Although the proposed system has achieved promising results in acquiring phenotypic traits of tomato plants, several limitations remain. Since the system relies on an RGB-D camera for data acquisition, it is sensitive to lighting variations—strong illumination or shadowed regions can introduce depth errors, thereby reducing the accuracy of the point cloud. In real-world operating environments, issues such as leaf overlap and fruit occlusion may occur, leading to incomplete semantic segmentation. These segmentation gaps can subsequently result in inaccuracies in the phenotypic parameter estimation.

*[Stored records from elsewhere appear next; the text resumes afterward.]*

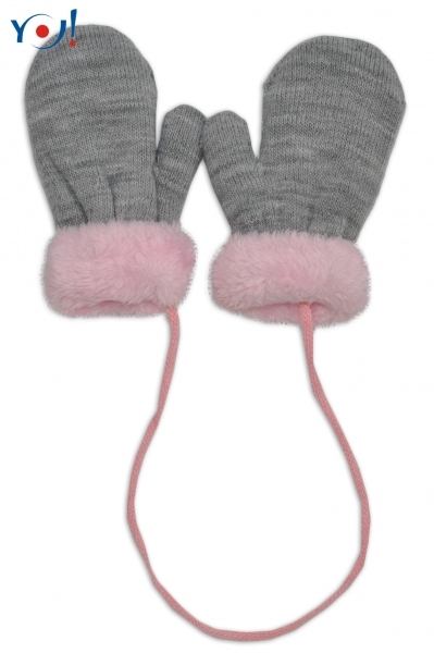 Zimní kojenecké rukavičky s kožíškem - se šňůrkou YO - šedé/růžový kožíšek; 80-92 (12-24m)
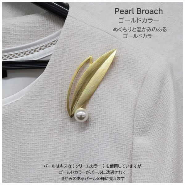 パールブローチ 真珠ブローチ 真珠 パール ピン ブローチ リーフ 葉 ホワイト 白 シルバー ゴールド 結婚式 入学式 卒業式 フォーマル
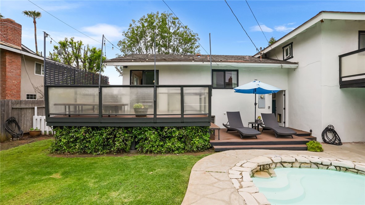 Welcome to 13402 Wheeler Place in North Tustin -- a charming updated 4-bedroom, 3-bathroom Meredith home that blends comfort, style, and functionality in a great sidewalk-safe and friendly neighborhood. Set on a spacious 10,920 sq ft lot, this 2,138 sq ft home offers a bright and open layout perfect for both everyday living and entertaining. A beautiful mature tree in the front yard creates standout curb appeal and offers generous, peaceful shade. A reclaimed wood wall entry adds a touch of warmth and character right from the start. The home's hardwood floors flow through the main living areas, and brand-new carpet warms the family room and bedrooms. Fresh interior paint and several new windows fill the home with natural light while boosting energy efficiency. The remodeled kitchen is the heart of the home, featuring an oversized island with seating, quartz countertops, stainless steel appliances, and plenty of storage. It opens to the dining area and a welcoming living room with a large picture window and views of the front yard. Just off the kitchen, a raised deck warmed by a gas firepit overlooks the backyard --complete with an oversized rock pool, grassy play area, and raised garden beds perfect for herbs, veggies, or flowers. The generous family room includes a custom built-in workstation and sliding doors leading to the patio for seamless indoor-outdoor living. Upstairs, the private primary suite features its own balcony and an updated ensuite bath, while three additional bedrooms and another refreshed bathroom provide space for family or guests. A rare bonus feature of this home is an unfinished basement--ideal for a custom gym, office, studio, or anything your lifestyle calls for. Other highlights include an attached two-car garage with RV access--perfect for extra vehicles, gear, or weekend adventures. Zoned for top-rated Tustin schools, this home is move-in ready and full of warmth. Come experience the feeling of home!

Future work will explore the application prospects of the system across various other greenhouse fruits and vegetables to evaluate its generalizability. Meanwhile, efforts will be made to optimize the methods for acquiring accurate ground truth values for plant phenotypic traits.

Author Contributions

Writing—original draft preparation, P.W.; conceptualization, Y.H.; methodology, J.Z.; visualization, J.L.; supervision, R.C.; resources, X.Z. All authors have read and agreed to the published version of the manuscript.

Funding

This research was funded by the Science and Technology Innovation Project Fund of North China Institute of Aerospace Engineering, No. YKY-2024-81.

Institutional Review Board Statement

Not applicable.

Data Availability Statement

The raw data supporting the conclusions of this article will be made available by the authors upon request.

Conflicts of Interest

The authors declare no conflicts of interest.

Appendix A

Section 1.: Improved ORB-SLAM3 system

Algorithm A1 Pipeline of the Improved ORB-SLAM3 System

Input: RGB-D image stream I_t = {I_rgb, I_depth}, camera intrinsics K

Output: Optimized camera trajectory T, semantic OctoMap M

1: Initialize ORB-SLAM3 system with configuration file and RGB-D mode

2: Load pretrained semantic segmentation model

3: Initialize OctoMap M for semantic point cloud fusion

4: while I_t has next frame do

5: Acquire RGB-D frame: (I_rgb, I_depth) ← I_t

6: Estimate current camera pose T_t ← Tracking(I_rgb, I_depth)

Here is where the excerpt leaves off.